Work Text:
To: Lord Walder Frey ([email protected])
CC: Lord Roose Bolton ([email protected])
From: Lord Tywin Lannister ([email protected])
Subject: Wedding Festivities
Dear Lords Frey & Bolton:
It would seem prudent to begin “the special entertainment” immediately after the ceremony. Please let me know your thoughts on this matter.
Regards,
Tywin Lannister
Hand of the King
Lord Paramount of the West
Warden of the West
Lord of Casterly Rock
* * *
To: Lord Tywin Lannister ([email protected])
CC: Lord Roose Bolton ([email protected])

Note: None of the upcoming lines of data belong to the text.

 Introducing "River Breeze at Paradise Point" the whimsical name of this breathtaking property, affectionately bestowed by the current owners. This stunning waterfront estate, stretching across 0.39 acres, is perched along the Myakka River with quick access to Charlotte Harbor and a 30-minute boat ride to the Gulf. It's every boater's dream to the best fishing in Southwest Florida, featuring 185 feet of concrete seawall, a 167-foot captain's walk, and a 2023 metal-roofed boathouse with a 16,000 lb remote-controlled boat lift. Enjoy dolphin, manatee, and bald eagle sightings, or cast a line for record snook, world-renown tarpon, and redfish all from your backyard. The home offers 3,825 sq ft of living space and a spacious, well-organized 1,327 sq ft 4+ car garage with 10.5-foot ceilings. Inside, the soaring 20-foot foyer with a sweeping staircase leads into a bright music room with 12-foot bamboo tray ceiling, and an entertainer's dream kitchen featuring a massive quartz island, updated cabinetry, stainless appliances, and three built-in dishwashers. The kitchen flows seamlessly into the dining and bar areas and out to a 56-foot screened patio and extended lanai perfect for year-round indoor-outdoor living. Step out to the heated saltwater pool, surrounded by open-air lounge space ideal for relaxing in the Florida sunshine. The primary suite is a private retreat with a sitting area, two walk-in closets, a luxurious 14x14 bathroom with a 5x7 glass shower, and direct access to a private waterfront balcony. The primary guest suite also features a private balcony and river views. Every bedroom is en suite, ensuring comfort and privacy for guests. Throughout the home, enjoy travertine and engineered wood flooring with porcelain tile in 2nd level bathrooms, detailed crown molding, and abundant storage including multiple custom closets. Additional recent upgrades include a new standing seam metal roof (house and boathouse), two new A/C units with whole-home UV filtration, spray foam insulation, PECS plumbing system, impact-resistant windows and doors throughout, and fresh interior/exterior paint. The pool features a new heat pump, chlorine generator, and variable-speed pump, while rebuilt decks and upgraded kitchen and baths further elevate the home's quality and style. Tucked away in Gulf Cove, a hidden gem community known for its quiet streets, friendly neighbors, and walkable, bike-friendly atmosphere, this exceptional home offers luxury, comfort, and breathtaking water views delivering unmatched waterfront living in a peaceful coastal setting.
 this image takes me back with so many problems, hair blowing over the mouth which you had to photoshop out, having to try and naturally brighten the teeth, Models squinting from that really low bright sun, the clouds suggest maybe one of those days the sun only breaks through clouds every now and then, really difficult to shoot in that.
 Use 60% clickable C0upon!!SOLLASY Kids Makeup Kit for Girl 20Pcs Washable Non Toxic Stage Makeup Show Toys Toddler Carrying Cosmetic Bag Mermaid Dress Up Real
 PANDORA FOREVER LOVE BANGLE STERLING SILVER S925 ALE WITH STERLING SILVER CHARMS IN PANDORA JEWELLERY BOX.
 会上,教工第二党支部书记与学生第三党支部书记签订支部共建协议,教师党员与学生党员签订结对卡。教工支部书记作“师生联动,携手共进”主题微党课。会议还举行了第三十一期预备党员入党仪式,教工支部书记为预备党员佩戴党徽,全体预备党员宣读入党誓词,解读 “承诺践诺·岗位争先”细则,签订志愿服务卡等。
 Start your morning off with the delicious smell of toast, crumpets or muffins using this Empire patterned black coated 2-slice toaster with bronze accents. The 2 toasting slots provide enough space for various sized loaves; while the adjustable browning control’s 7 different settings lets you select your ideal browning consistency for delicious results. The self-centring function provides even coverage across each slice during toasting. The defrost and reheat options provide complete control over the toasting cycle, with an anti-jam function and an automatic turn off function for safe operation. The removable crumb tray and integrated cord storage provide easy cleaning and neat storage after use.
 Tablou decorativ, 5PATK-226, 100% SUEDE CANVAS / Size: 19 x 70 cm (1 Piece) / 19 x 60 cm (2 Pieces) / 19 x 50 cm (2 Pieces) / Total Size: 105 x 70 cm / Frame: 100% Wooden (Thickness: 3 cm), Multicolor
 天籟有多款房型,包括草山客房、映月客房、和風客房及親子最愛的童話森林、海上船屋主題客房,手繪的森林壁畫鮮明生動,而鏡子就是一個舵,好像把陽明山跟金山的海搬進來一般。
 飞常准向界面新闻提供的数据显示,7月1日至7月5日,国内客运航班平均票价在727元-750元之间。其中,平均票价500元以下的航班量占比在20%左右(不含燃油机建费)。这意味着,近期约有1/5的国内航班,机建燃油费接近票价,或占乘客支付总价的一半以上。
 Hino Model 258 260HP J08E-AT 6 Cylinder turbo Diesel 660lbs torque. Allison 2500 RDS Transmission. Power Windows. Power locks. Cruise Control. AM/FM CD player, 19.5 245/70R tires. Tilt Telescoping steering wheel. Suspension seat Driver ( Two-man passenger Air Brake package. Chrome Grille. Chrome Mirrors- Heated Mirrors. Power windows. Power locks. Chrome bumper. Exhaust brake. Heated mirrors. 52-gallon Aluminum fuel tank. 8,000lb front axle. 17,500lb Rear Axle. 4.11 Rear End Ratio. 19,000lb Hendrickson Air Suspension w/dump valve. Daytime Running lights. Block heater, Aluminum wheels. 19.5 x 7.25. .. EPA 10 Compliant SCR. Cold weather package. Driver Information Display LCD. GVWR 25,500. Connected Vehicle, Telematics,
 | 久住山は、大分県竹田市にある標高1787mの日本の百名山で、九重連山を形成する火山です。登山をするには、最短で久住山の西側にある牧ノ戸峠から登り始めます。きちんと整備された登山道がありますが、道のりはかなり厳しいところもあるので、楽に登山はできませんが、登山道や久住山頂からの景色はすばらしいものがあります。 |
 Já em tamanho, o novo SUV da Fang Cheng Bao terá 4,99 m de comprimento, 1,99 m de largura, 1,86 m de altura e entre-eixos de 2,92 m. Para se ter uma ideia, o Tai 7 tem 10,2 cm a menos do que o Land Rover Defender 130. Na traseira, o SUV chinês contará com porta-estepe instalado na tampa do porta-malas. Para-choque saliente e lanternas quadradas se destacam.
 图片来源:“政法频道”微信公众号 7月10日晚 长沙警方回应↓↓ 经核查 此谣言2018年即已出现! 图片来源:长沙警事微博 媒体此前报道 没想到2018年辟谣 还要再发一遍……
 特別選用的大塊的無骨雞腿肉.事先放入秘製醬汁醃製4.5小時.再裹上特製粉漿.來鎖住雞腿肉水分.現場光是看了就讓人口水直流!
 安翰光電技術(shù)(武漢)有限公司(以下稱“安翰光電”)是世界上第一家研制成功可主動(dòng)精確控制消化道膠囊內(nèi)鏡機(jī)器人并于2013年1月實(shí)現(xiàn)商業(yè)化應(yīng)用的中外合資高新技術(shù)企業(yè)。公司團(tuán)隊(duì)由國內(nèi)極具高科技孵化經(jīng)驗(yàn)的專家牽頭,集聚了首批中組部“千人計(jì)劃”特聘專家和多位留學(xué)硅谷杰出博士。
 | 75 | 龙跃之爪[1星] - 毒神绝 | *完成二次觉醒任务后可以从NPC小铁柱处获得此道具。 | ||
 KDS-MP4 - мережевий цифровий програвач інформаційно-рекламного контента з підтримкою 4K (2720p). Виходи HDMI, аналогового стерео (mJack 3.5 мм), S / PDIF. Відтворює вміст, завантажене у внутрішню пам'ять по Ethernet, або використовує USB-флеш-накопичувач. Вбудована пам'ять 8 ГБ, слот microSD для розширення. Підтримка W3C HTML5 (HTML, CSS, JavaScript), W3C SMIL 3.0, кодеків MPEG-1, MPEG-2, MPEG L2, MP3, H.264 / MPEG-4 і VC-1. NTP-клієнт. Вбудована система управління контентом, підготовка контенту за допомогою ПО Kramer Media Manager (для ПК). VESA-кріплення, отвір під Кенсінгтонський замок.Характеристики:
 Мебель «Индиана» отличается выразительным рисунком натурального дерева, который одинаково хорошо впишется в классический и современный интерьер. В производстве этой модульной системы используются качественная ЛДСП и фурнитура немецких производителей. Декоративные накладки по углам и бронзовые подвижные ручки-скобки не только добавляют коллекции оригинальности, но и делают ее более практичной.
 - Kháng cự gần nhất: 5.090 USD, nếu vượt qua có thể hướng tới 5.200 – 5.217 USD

From: Lord Walder Frey, ([email protected])
Subject: Re: Wedding Festivities
Do you realize how many brats I have? I’m just marrying off the one daughter. If he gets killed in the crossfire, I’ll be back where I started. I don’t need to have to find her a husband after this. The “special entertainment” happens after the bedding.
Bolton: You’re not married, are you? Do you want one? I’ll let you pick. You can have her weight in silver. Lannister: feel free to jump in on this. Same offer.
Lord Walder Frey
Lord of the Crossing
The Twins
* * *
To: Lord Walder Frey ([email protected])
CC: Lord Tywin Lannister, ([email protected])
From: Lord Roose Bolton ([email protected])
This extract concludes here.